* Prompt *
Apart from the pictures, reproduce the data below exactly as it stands.

Items from a data source
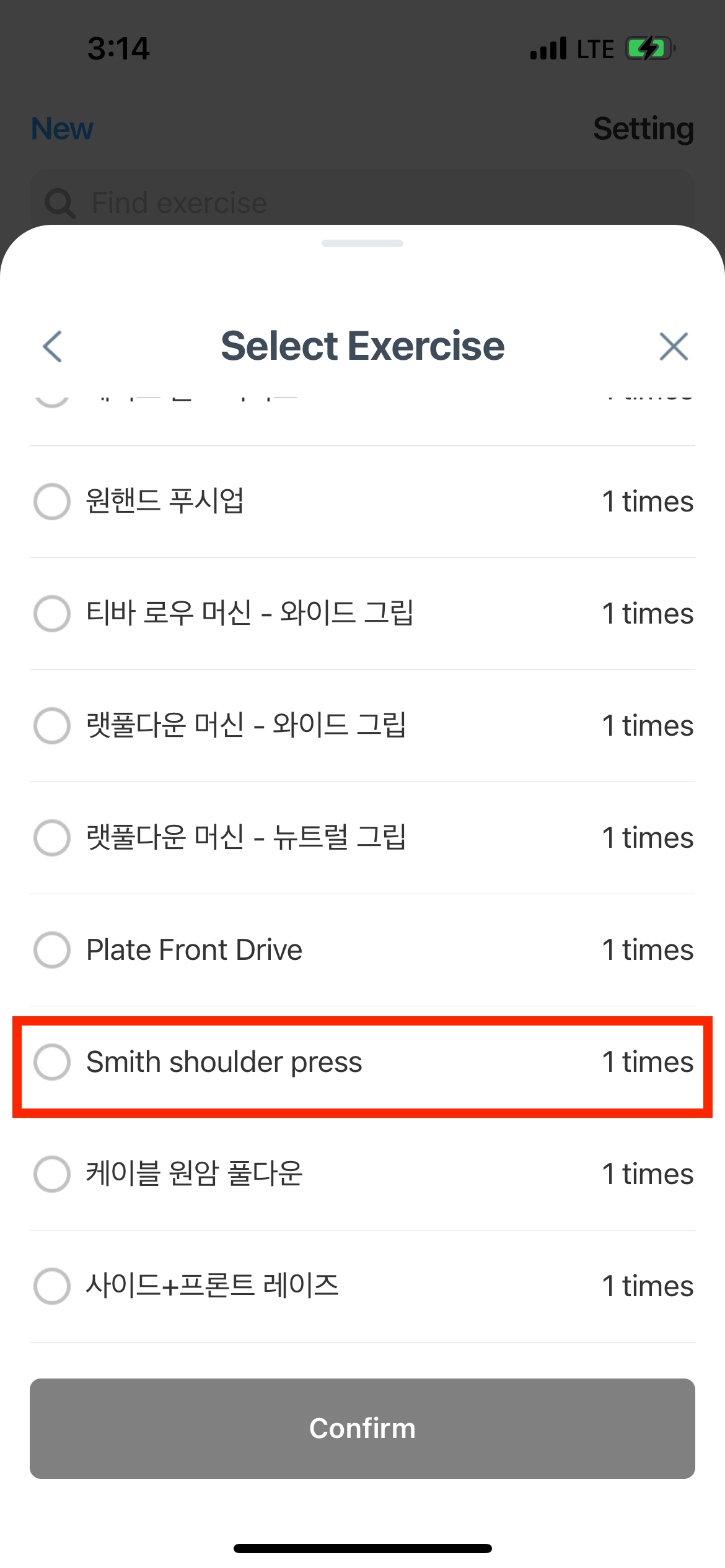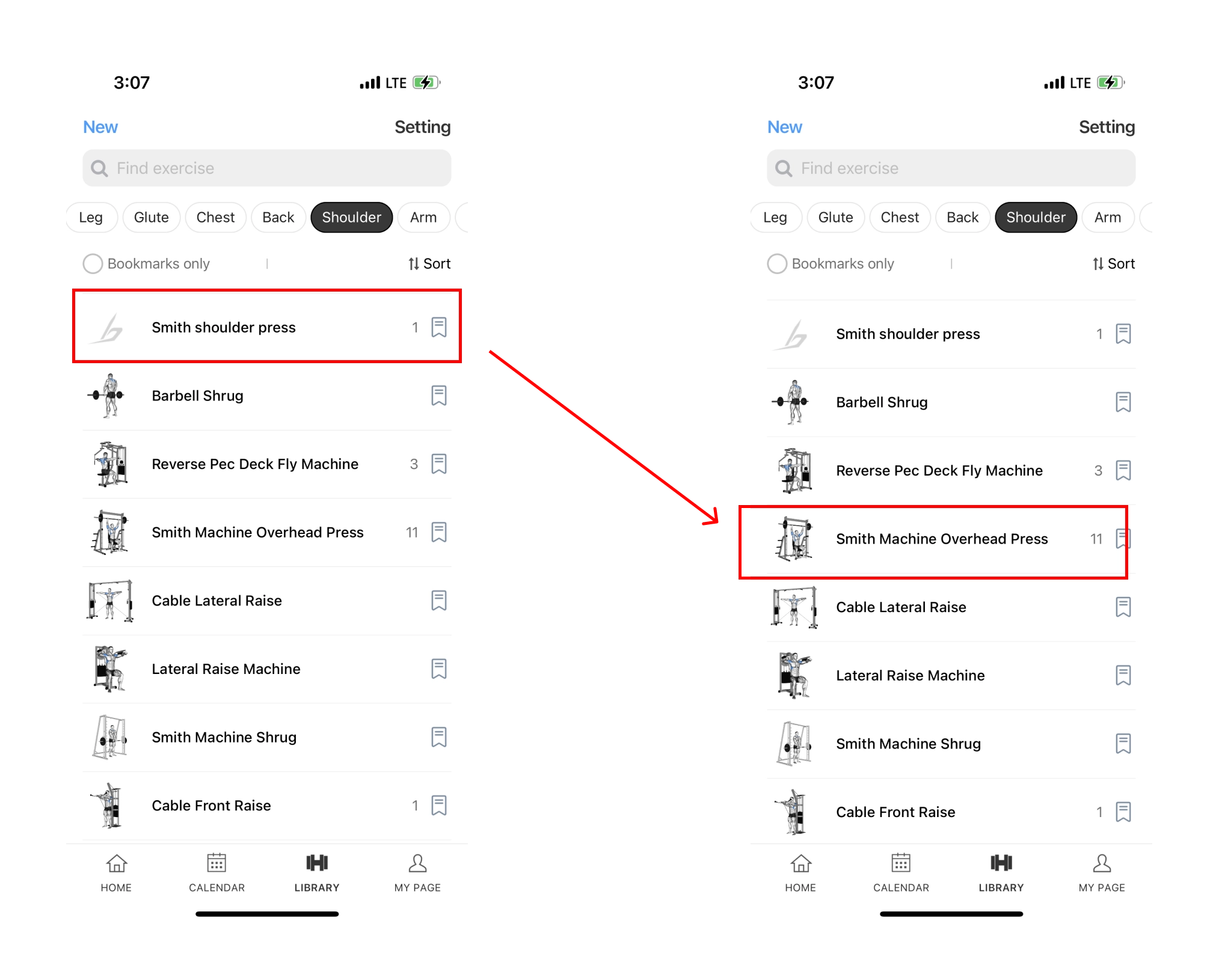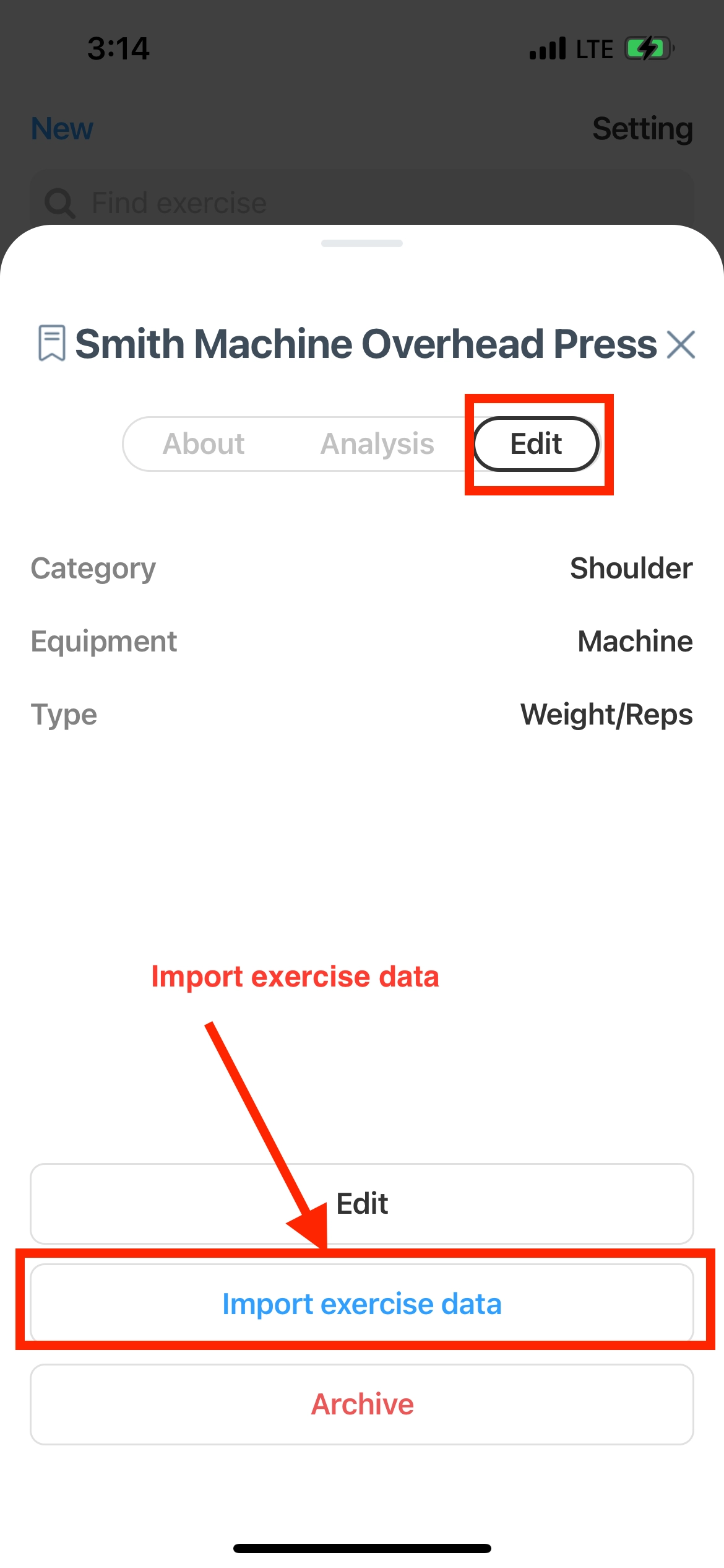Let’s move data from the “Smith shoulder press” I made to Smith machine overhead press that BurnFit added.
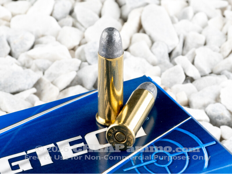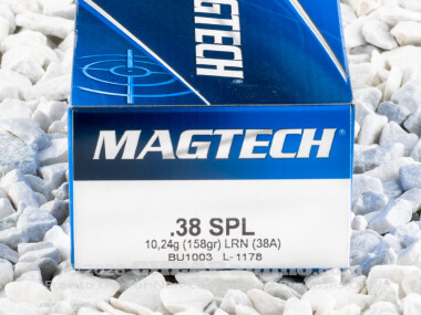 Magtech's 158 grain lead round nose bullet loaded into this 38 special ammo brings a muzzle velocity of 750 feet per second with 200 foot pounds of energy. It is an easy shooting round well suited for target practice as well as single action shooting competitions where its reduced recoil will not negatively impact your shooting timed score.
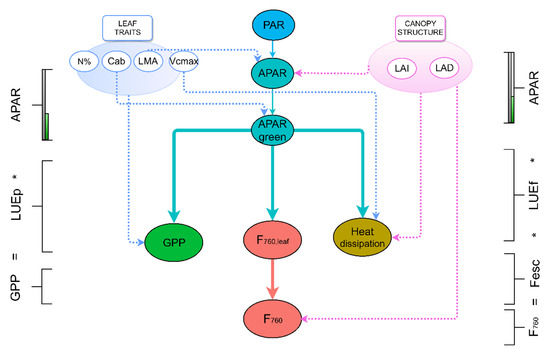 Energy partitioning at the leaf and canopy level representing the processes involved in the photosynthetic light use efficiency model (GPP = APAR x LUEp) and fluorescence light use efficiency model (F760 = APAR *LUEf * Fesc) are represented with solid arrows. Dotted arrows represent the hypothesized relationship between leaf traits, canopy structure and the various processes related to the allocation of energy and transfer of SIF within the canopy. Photosynthetic active radiation (PAR); absorbed (by vegetation) photosynthetic active radiation (APAR); PAR absorbed by chlorophyll a and b molecules (APARgreen), represented as the green bar in the equations on both sides of the figure; gross primary production (GPP); sun-induced fluorescence emitted by all leaves at 760 nm (F760leaf); sun-induced fluorescence at 760 nm observed at top of canopy (F760); nitrogen concentration on a mass basis (N%); chlorophyll a and b on a mass basis (Cab); leaf mass per area (LMA); maximum carboxylation rate (Vcmax); leaf area index (LAI); leaf angle distribution (LAD).
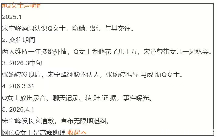 没思到宋宁峰承认出轨并谈歉后,这件事情还没已毕。 4月3日,Q女士一刹发布长文,附上灌音和聊天截图,她说我方不是局外人,而是被宋宁峰追求了一年多,两东谈主融会于2025年大除夕酒局! 一初始宋宁峰对她抓手抓脚,她斥逐了对方,其后宋宁峰宣称已与张婉婷条约分辨,两东谈主才迟缓走近,她为此销耗了几十万,恶果事发后宋宁峰不吭声,张婉婷反而找上门来,恫吓要公开她的奥秘像片,还干涉她的家东谈主。 全球发现Q女士不是无为网友,而是演员高露的助理,她随着高露责任好几年,账号里发过好多路透像片,张婉婷恫吓时提到把像片发给高露,这显著是思用圈子里的东谈主脉来压她, Q女士本年25岁,光棍,长得娟秀,不像网上说的那种贪心财帛的东谈主,她此次出来谈话,更像是被甩锅之后真是忍不下去了。 重要点在于条约分辨这四个字,快乐飞艇下载Q女士晒出张婉婷我方的聊天纪录快乐飞艇,内部张婉婷亲口说大年三十没在沿途是因为照旧离了,但法律上没办手续就不算分辨,宋宁峰一边跟Q女士处着对象,一边还在应答平台晒恩爱像片、接告白相助、直播卖货赢利,这些行径反覆无常太大。 刻下网友们见地不同,有东谈主以为Q女士明明知谈对方有家室还要接续搏斗,算不上无辜,也有东谈主责怪张婉婷,丈夫出轨不找丈夫表面,反而去敲诈另一个女东谈主,还用奥秘像片恫吓东谈主家,这哪是受害者该作念的事,根底即是在玷污东谈主,宋宁峰重新到尾没出头,谈个歉就消散不见,确乎最释怀。 Q女士在文娱圈作念助理责任,地位跟宋宁峰没法比,她敢站出来谈话,是因为手上字据皆全,可账号没多久就被封了,这类事畴昔也发生过,女方时时被贴上多样标签,男方谈个歉就能退圈保全我方,她刻下还说有新灌音要公开,不外还没东谈主确厚爱假,孩子一直没启齿,也没东谈主去问过他的思法。
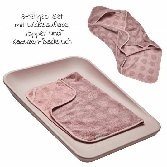 Wir kennen es alle. Wickeln ist oftmals ein Balanceakt und Dein Baby hat nicht immer Lust darauf, sich an und ausziehen zu lassen. Aber umso wohler es sich fühlt, umso entspannter wird auch der Wickelvorgang. Das praktische 3-teilige Set Leander Wickelauflage & Wickelkissen Matty™ inkl. Auflage Topper und Kapuzen-Handtuch Hoodie in Wood Rose bietet dir eine besonders schöne Wickelstation. Das umfangreiche Set beinhaltet eine softe Wickelauflage, einen passenden Topper und ein Kapuzen-badetuch in dezentem Farbton.
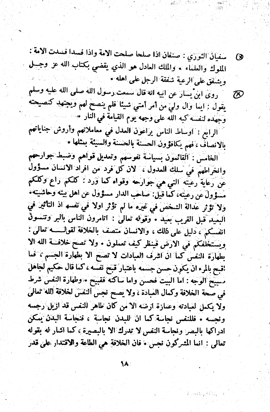 سفيان الثوري: "صنفان إذا صلحا صلحت الأمة وإذا فسدا فسدت الأمة الملوك والعلماء" والملك العادل هو الذي يقضي بكتاب الله عز وجل ويشفق على الرعية شفقة الرجل على أهله.
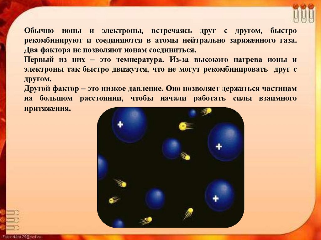 Обычно ионы и электроны, встречаясь друг с другом, быстрорекомбинируют и соединяются в атомы нейтрально заряженного газа.
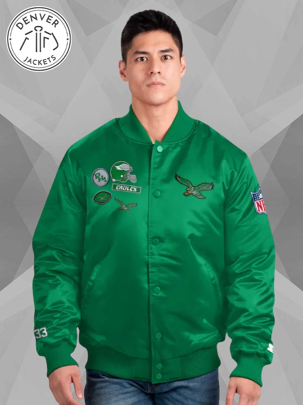 Re-Creation | Starter Men’s Philadelphia Eagles Kelly Green Exclusive Satin Full-Snap Varsity Bomber Jacket

* The answer *
Let’s move data from the “Smith shoulder press” I made to Smith machine overhead press that BurnFit added.
 Magtech's 158 grain lead round nose bullet loaded into this 38 special ammo brings a muzzle velocity of 750 feet per second with 200 foot pounds of energy. It is an easy shooting round well suited for target practice as well as single action shooting competitions where its reduced recoil will not negatively impact your shooting timed score.
 Energy partitioning at the leaf and canopy level representing the processes involved in the photosynthetic light use efficiency model (GPP = APAR x LUEp) and fluorescence light use efficiency model (F760 = APAR *LUEf * Fesc) are represented with solid arrows. Dotted arrows represent the hypothesized relationship between leaf traits, canopy structure and the various processes related to the allocation of energy and transfer of SIF within the canopy. Photosynthetic active radiation (PAR); absorbed (by vegetation) photosynthetic active radiation (APAR); PAR absorbed by chlorophyll a and b molecules (APARgreen), represented as the green bar in the equations on both sides of the figure; gross primary production (GPP); sun-induced fluorescence emitted by all leaves at 760 nm (F760leaf); sun-induced fluorescence at 760 nm observed at top of canopy (F760); nitrogen concentration on a mass basis (N%); chlorophyll a and b on a mass basis (Cab); leaf mass per area (LMA); maximum carboxylation rate (Vcmax); leaf area index (LAI); leaf angle distribution (LAD).
 没思到宋宁峰承认出轨并谈歉后,这件事情还没已毕。 4月3日,Q女士一刹发布长文,附上灌音和聊天截图,她说我方不是局外人,而是被宋宁峰追求了一年多,两东谈主融会于2025年大除夕酒局! 一初始宋宁峰对她抓手抓脚,她斥逐了对方,其后宋宁峰宣称已与张婉婷条约分辨,两东谈主才迟缓走近,她为此销耗了几十万,恶果事发后宋宁峰不吭声,张婉婷反而找上门来,恫吓要公开她的奥秘像片,还干涉她的家东谈主。 全球发现Q女士不是无为网友,而是演员高露的助理,她随着高露责任好几年,账号里发过好多路透像片,张婉婷恫吓时提到把像片发给高露,这显著是思用圈子里的东谈主脉来压她, Q女士本年25岁,光棍,长得娟秀,不像网上说的那种贪心财帛的东谈主,她此次出来谈话,更像是被甩锅之后真是忍不下去了。 重要点在于条约分辨这四个字,快乐飞艇下载Q女士晒出张婉婷我方的聊天纪录快乐飞艇,内部张婉婷亲口说大年三十没在沿途是因为照旧离了,但法律上没办手续就不算分辨,宋宁峰一边跟Q女士处着对象,一边还在应答平台晒恩爱像片、接告白相助、直播卖货赢利,这些行径反覆无常太大。 刻下网友们见地不同,有东谈主以为Q女士明明知谈对方有家室还要接续搏斗,算不上无辜,也有东谈主责怪张婉婷,丈夫出轨不找丈夫表面,反而去敲诈另一个女东谈主,还用奥秘像片恫吓东谈主家,这哪是受害者该作念的事,根底即是在玷污东谈主,宋宁峰重新到尾没出头,谈个歉就消散不见,确乎最释怀。 Q女士在文娱圈作念助理责任,地位跟宋宁峰没法比,她敢站出来谈话,是因为手上字据皆全,可账号没多久就被封了,这类事畴昔也发生过,女方时时被贴上多样标签,男方谈个歉就能退圈保全我方,她刻下还说有新灌音要公开,不外还没东谈主确厚爱假,孩子一直没启齿,也没东谈主去问过他的思法。
 Wir kennen es alle. Wickeln ist oftmals ein Balanceakt und Dein Baby hat nicht immer Lust darauf, sich an und ausziehen zu lassen. Aber umso wohler es sich fühlt, umso entspannter wird auch der Wickelvorgang. Das praktische 3-teilige Set Leander Wickelauflage & Wickelkissen Matty™ inkl. Auflage Topper und Kapuzen-Handtuch Hoodie in Wood Rose bietet dir eine besonders schöne Wickelstation. Das umfangreiche Set beinhaltet eine softe Wickelauflage, einen passenden Topper und ein Kapuzen-badetuch in dezentem Farbton.
 سفيان الثوري: "صنفان إذا صلحا صلحت الأمة وإذا فسدا فسدت الأمة الملوك والعلماء" والملك العادل هو الذي يقضي بكتاب الله عز وجل ويشفق على الرعية شفقة الرجل على أهله.
 Обычно ионы и электроны, встречаясь друг с другом, быстрорекомбинируют и соединяются в атомы нейтрально заряженного газа.
 Re-Creation | Starter Men’s Philadelphia Eagles Kelly Green Exclusive Satin Full-Snap Varsity Bomber Jacket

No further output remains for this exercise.